Eccentricity Parameters Identification for a Motorized Spindle System Based on Improved Maximum Likelihood Method

Abstract

As a kind of rotor system, the electric spindle system is the core component of the precision grinding machine. The vibration caused by the mass imbalance is the main factor that causes the vibration of the grinding machine. Identifying the eccentricity parameters in an electric spindle system is a key issue in eliminating mass imbalances. It is difficult for engineers to understand the approximate range of eccentricity by experience; that is, it is difficult to obtain a priori information about eccentricity. At the same time, due to the geometric characteristics of the electrospindle system, the material factors and the randomness of the measurement response, these uncertain factors, even in a small case, are likely to cause large deviations in the eccentricity recognition results.
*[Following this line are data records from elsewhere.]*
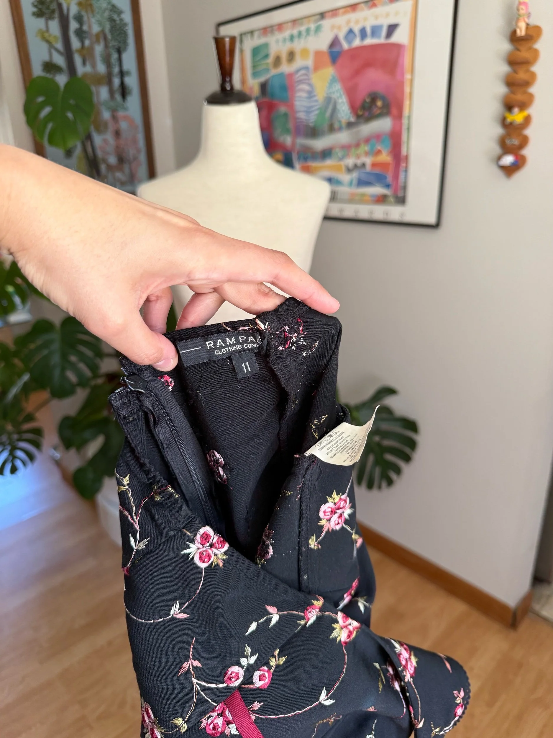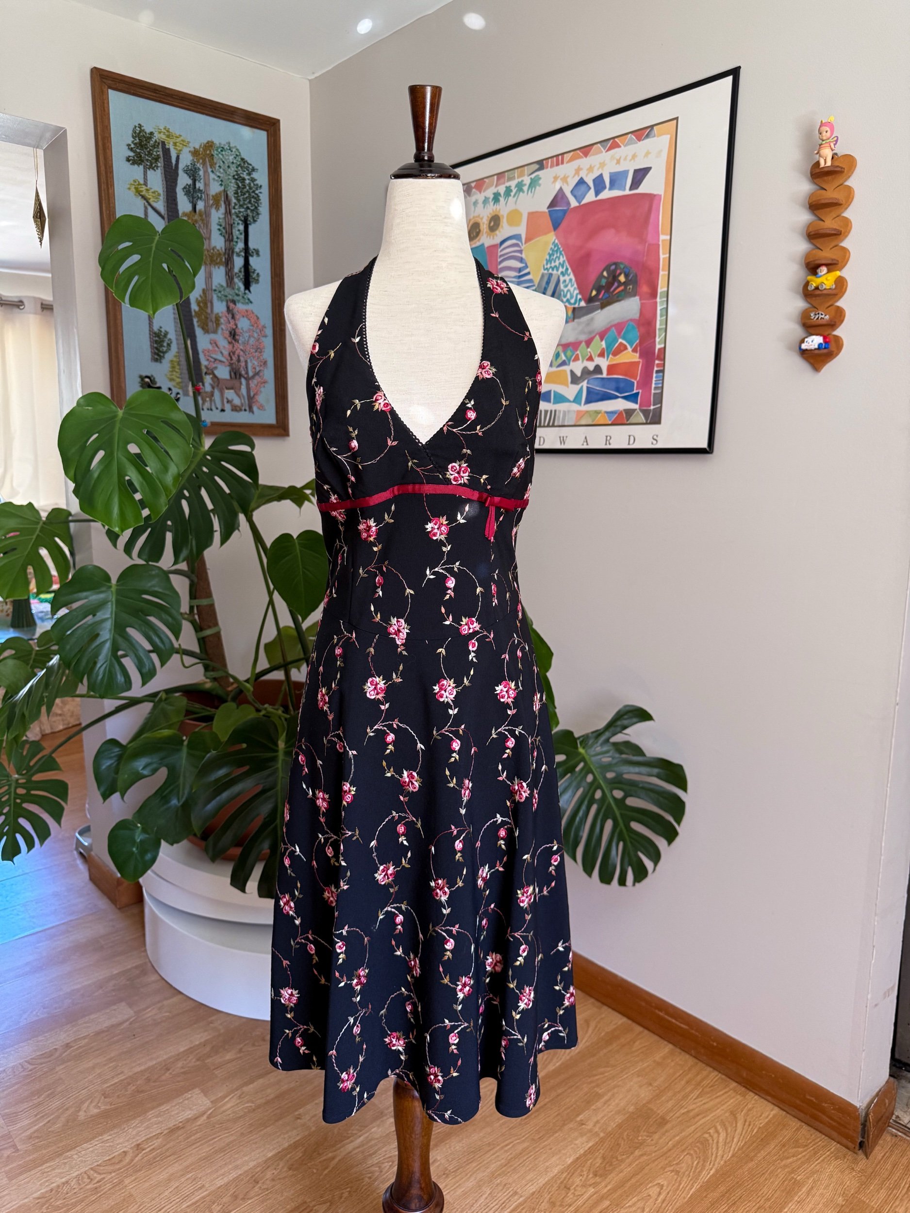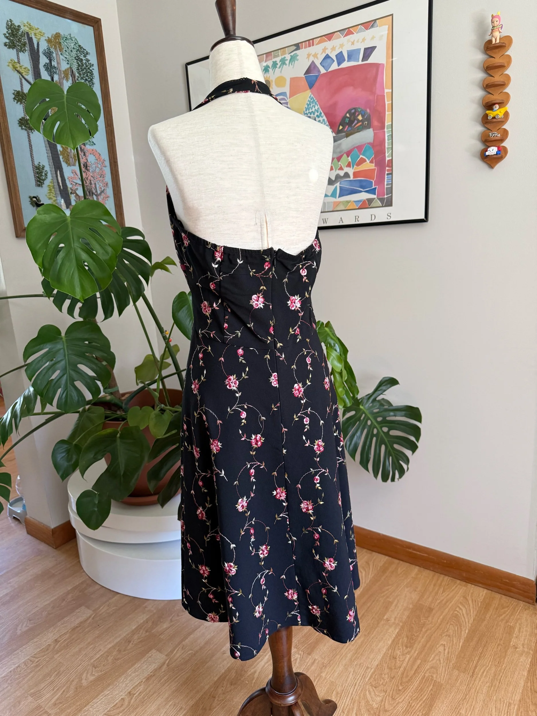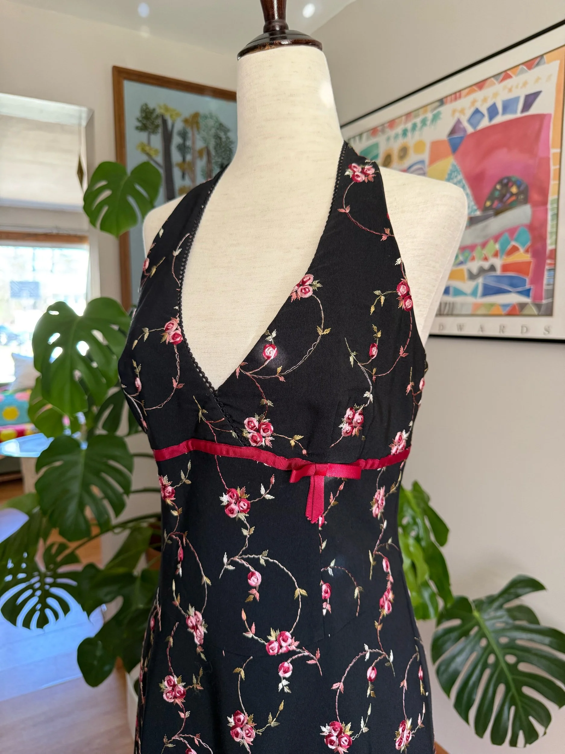 Beautiful 90s/early 2000s halter dress, with an open back, floral embroidery throughout, and sweet little bow detailing - has a zipper closure in the back!
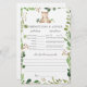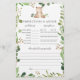 Previsões do chá de fraldas temático do urso e cartão de jogo de conselho apresentam uma ilustração do urso de aquarela e verde-aquarela eucalyptus garland e uma elegante fonte de estilo manuscrito.
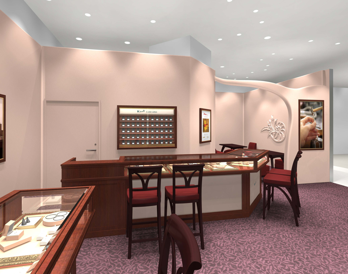 店舗デザインは“幸せのジュエリーを作る妖精が棲むお店”というケイウノのコンセプトを継承。“夢のある空間でジュエリー選びをお楽しみいただきたい”という想いから、アール・ヌーヴォーを思わせる柔らかな曲線に囲まれた空間が広がるように設計しています。
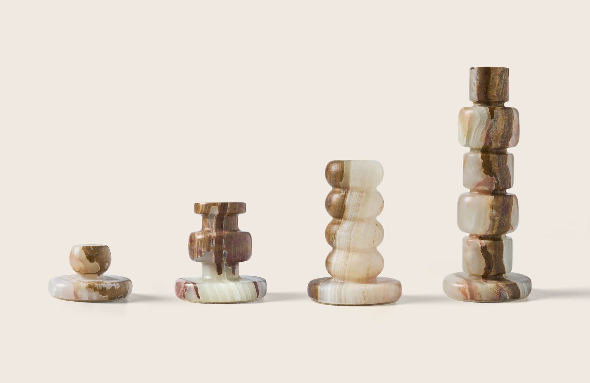 The rich brown tones and unique vein patterns make each holder an exclusive object. Once light plays through the stone, it creates a hypnotic, warm glow that instantly gives your living room, bedroom or dining area a high-end look.
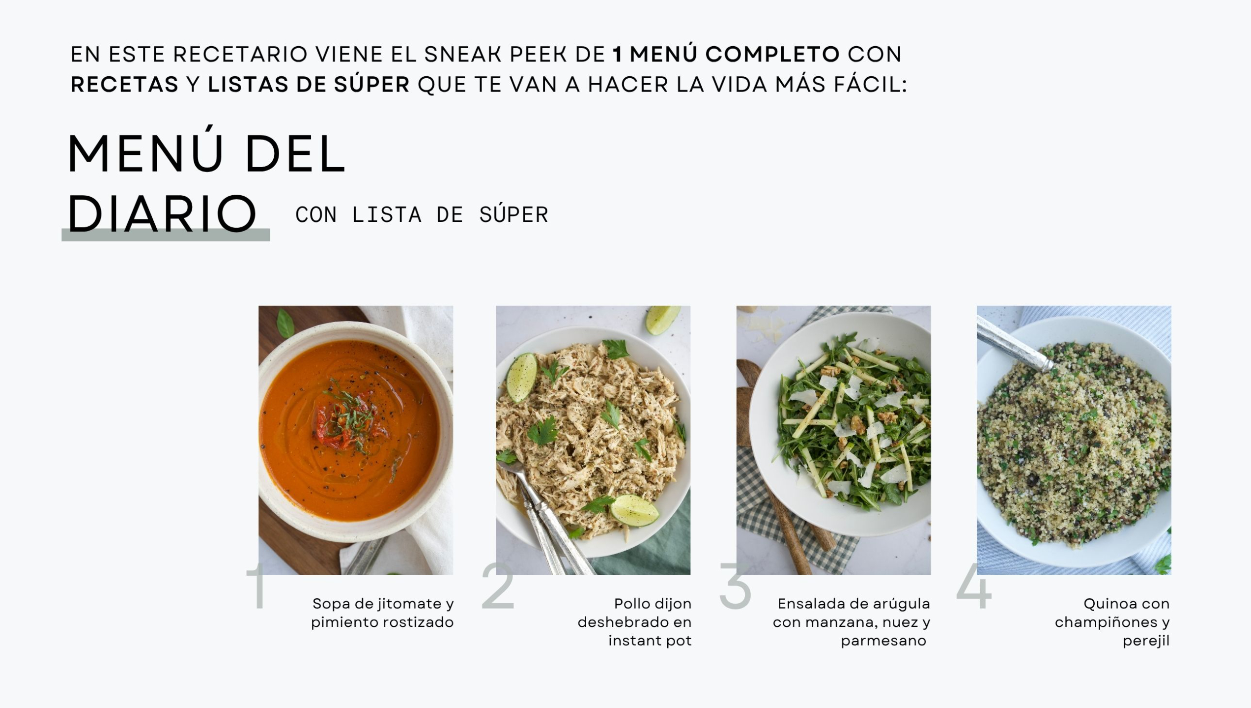 • 5 menús del diario balanceados, con recetas y lista de súper
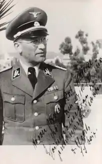 In April 1939, Albert was promoted to SS-Brigadeführer.[1] In 1939, he was appointed along with Werner Best, Walter Schellenberg and Kurt Pomme as director of the Stiftung Nordhav.
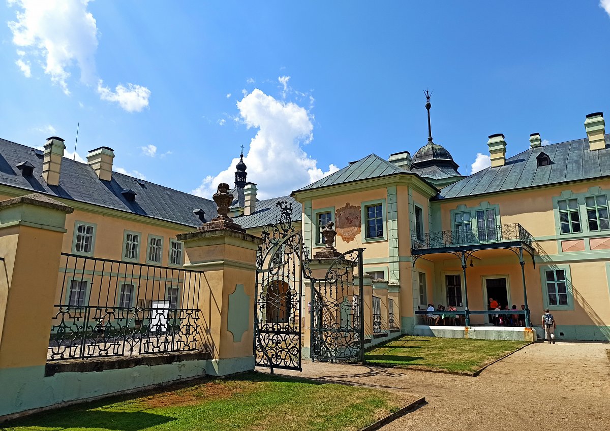 Všechno jednou skončí, i náš pobyt se chýlil ke konci. Rozloučili jsme se s příjemným personálem našeho penzionu, naložili jsme do autobusu svá zavazdla a po společné fotce vyrazili směrem k domovu. To by však nebyli naši vedoucí, aby nám ještě nanaplánovali nějakou procházku a prohlídku. Vystoupili jsme v Šťáhlavech a vyrazili směr zámek Kozel. Počasí se po týdnu začalo kazit a valily se na nás mraky. Pršet začalo, až když jsme čekali na prohlídku atypického čtvercového zámku s krásnou zahradou a rybníkem. Na nádvoří chystal štáb nejmenované televizní stanice prostory na večerní natáčení pořadu 7 pádů Honzy Dědka. To jsme už ale byli, plni dojmů, doma ve vaně nebo v posteli a vstřebávali jsme nádherné zážitky z uplynulého týdne. Plzeňský kraj nás opravdu moc přijemně překvapil!
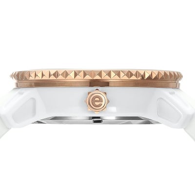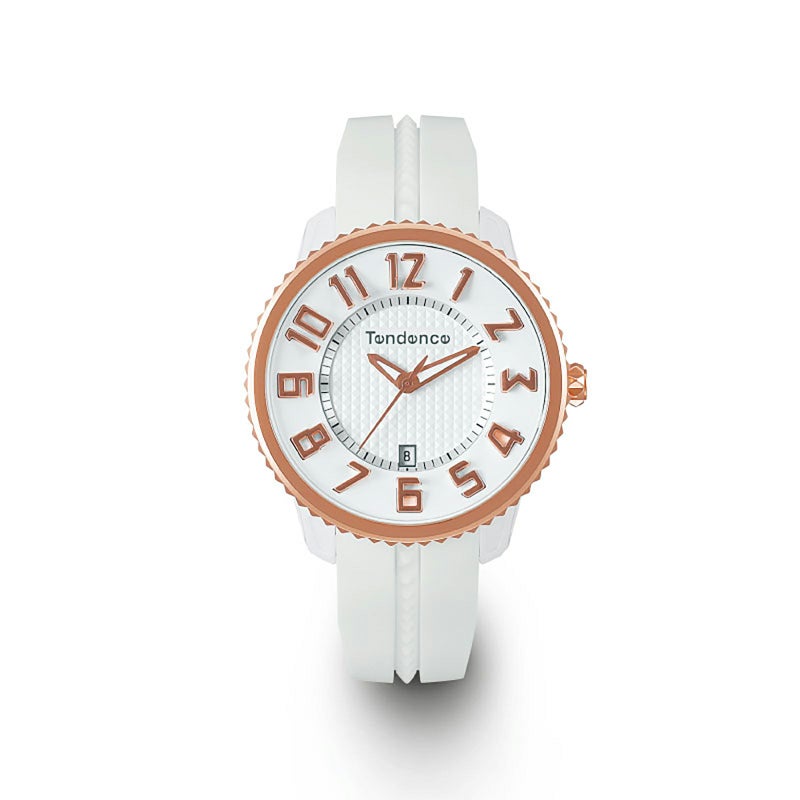 Tendenceを代表する50㎜のオーバーサイズモデル「GULLIVER ROUND」の迫力をそのままに、41㎜にサイズダウンした使い勝手の良いコンパクトな1本。 TendenceのDNAである3Dインデックスを採用し、ダイヤルの中央には、Tendenceのベルトやベゼルにも使用される特徴的なアイコンであるピラミッドを敷き詰め、リューズの側面もピラミッド型をあしらいました。ピンクゴールドがアクセントとなったホワイトのモデルは、華やかさと上品さを併せ持つ、ファッションに合わせやすい1本に仕上がっています。
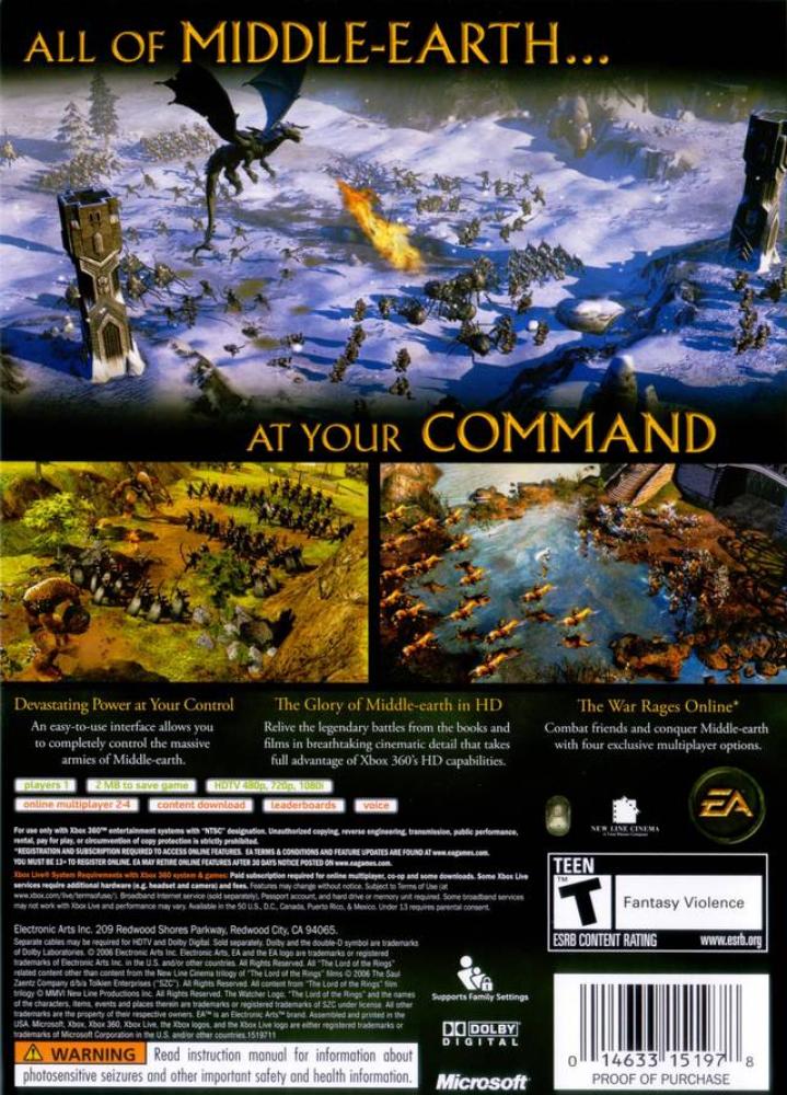 You can take control of fantastic beasts and heroes from the Lord of the Rings series in the real-time strategy sequel, The Lord of the Rings, The Battle for Middle-earth II. New races, heroes, and battlegrounds let you command battle in all-new ways. Build your own castle or hero and command your forces on land and sea with new "smart formations" and battle lines. In addition to playing through the campaign mode, you can challenge other gamers to battles online.
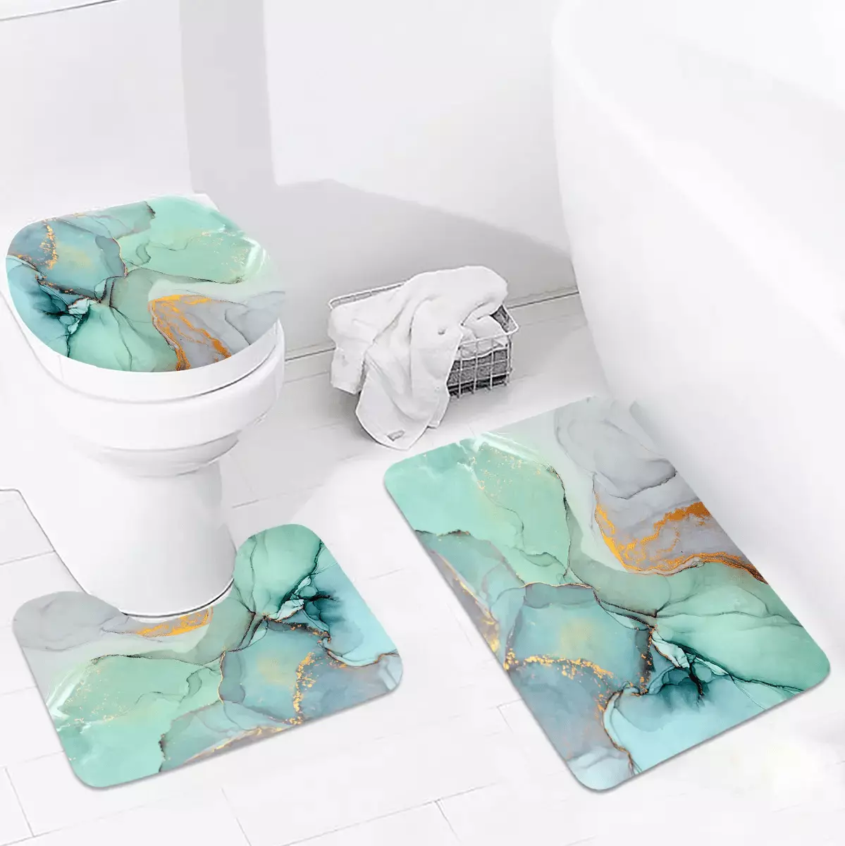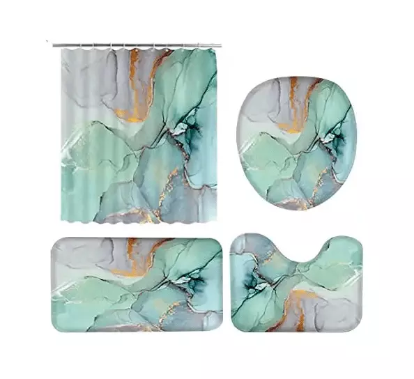 Набор ковриков и шторки для ванной комнаты и душа, комплект шторки и коврики в ванную, бирюзовый цвет
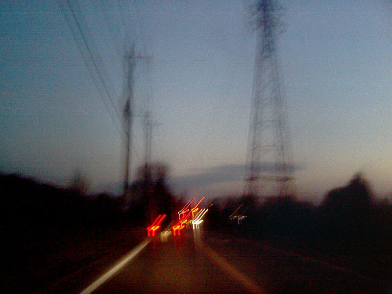 夕暮れの送電線を見ながら、少し古そうなホテルへ。少し薄暗くて、蝋燭の光が揺らめいていて、船の中のような場所。あるいは、古い列車の中のような場所。
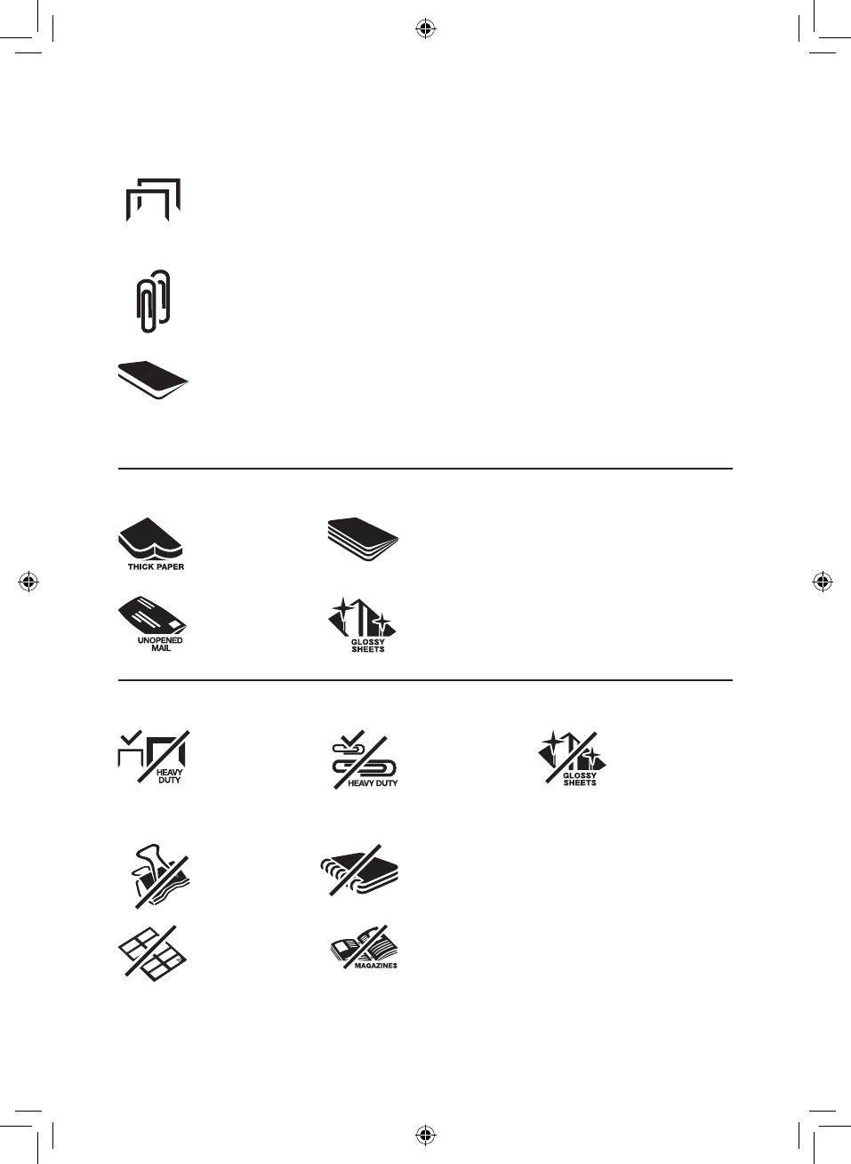 • Paper clip paper, 25mm within the corner (300M through manual feed slot ONLY)

The search algorithm used in the maximum likelihood method to identify the eccentricity parameters of the electrospindle system is computationally intensive, and the sensitivity in the iterative process brings some numerical problems. This paper introduces an Advance-Retreat Method (ARM) of the search interval to the maximum likelihood method, the unknown parameter increment obtained by the maximum likelihood method is used as the step size in the iteration, and the Advance-Retreat Method of the search interval is used to adjust the next design point so that the objective function value is gradually decreasing. The recognition results under the three kinds of measurement errors show that the improved maximum likelihood method improves the recognition effect of the maximum likelihood method and can reduce the influence of uncertainty factors on the recognition results, and the robustness is satisfactory.